== TASK ==
Return every line below as is, leaving out the pictures.

== INPUT DATA ==

■ ■ ■ ■ ■ ■ ■

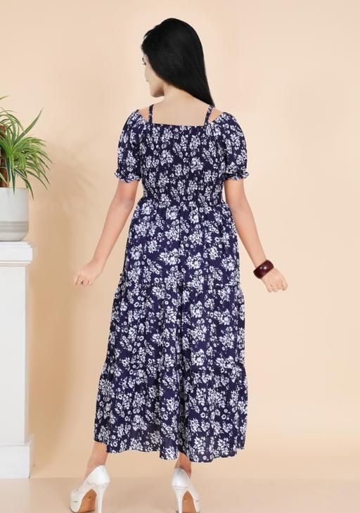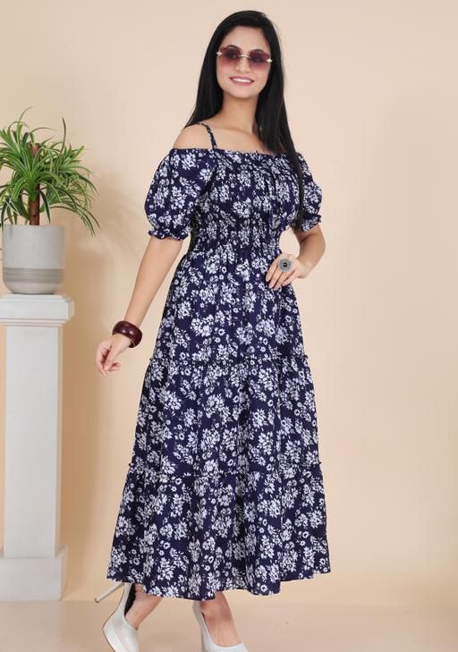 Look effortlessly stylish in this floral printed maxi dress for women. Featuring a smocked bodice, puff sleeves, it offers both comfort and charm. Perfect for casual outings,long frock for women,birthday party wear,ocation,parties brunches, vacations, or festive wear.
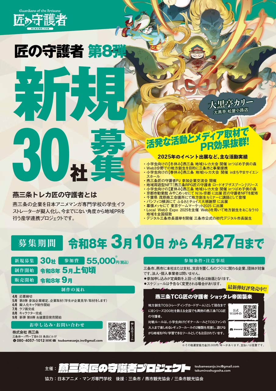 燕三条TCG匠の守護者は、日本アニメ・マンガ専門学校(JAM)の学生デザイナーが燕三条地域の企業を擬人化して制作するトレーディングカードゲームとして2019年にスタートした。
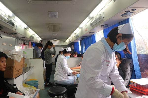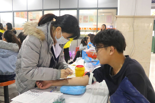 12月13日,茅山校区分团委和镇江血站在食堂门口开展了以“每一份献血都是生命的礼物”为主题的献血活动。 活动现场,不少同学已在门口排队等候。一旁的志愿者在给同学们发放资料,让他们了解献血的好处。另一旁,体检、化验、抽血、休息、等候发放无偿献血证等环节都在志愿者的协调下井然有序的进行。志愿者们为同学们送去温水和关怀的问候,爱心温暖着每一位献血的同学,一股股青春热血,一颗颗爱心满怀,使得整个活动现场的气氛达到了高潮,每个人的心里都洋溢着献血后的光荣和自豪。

■ ■ ■ ■ ■ ■ ■

== WRITTEN RESPONSE ==
 Look effortlessly stylish in this floral printed maxi dress for women. Featuring a smocked bodice, puff sleeves, it offers both comfort and charm. Perfect for casual outings,long frock for women,birthday party wear,ocation,parties brunches, vacations, or festive wear.
 燕三条TCG匠の守護者は、日本アニメ・マンガ専門学校(JAM)の学生デザイナーが燕三条地域の企業を擬人化して制作するトレーディングカードゲームとして2019年にスタートした。
 12月13日,茅山校区分团委和镇江血站在食堂门口开展了以“每一份献血都是生命的礼物”为主题的献血活动。 活动现场,不少同学已在门口排队等候。一旁的志愿者在给同学们发放资料,让他们了解献血的好处。另一旁,体检、化验、抽血、休息、等候发放无偿献血证等环节都在志愿者的协调下井然有序的进行。志愿者们为同学们送去温水和关怀的问候,爱心温暖着每一位献血的同学,一股股青春热血,一颗颗爱心满怀,使得整个活动现场的气氛达到了高潮,每个人的心里都洋溢着献血后的光荣和自豪。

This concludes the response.